Acromioclavicular joint (ACJ) dislocations represent the most frequent injuries of the shoulder girdle among athletes. Low grade injuries are more common than high grade injuries. Possible injury mechanisms are either a direct trauma to the shoulder or a fall on an adducted elbow with indirect trauma to the ACJ.
Accurate radiological diagnostics, including stress recordings for detection of a horizontal instability component are of utmost importance and allow correct classification of the ACJ injury.
Most ACJ injuries can be treated non-operatively with short-term immobilization, oral analgesia therapy and pain-oriented functional physiotherapeutic treatment.

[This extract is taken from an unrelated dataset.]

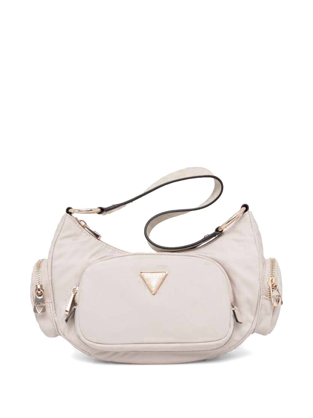 logo-plaque shoulder bag Highlights - Light beige - Top zip fastening - Single top handle - Main compartment - Front zip fastening pockets Imported Composition Outer: Polyester 100% SIZE & FIT Measurement DEPTH 3.14 in(8 cm) HEIGHT 7.48 in(19 cm) WIDTH 10.23 in(26 cm)

In principle, surgical indications are high grade injuries in the sense of Rockwood dislocations types IV and V; however, individual factors, such as the type of sport, handedness, career perspectives and economic aspects have to be involved in the decision-making process, particularly in professional athletes. Acute ACJ dislocations are treated arthroscopically including coracoclavicular and additional acromioclavicular stabilization in cases of horizontal instability. Chronic ACJ dislocations require coracoclavicular ligament reconstruction using autologous semitendinosus tendon grafting.
After relatively restrictive postoperative care including a 6-week immobilization period, competitive sport is normally possible after 3-4 months in cases of acute injury and after 6 months in cases of chronic injury.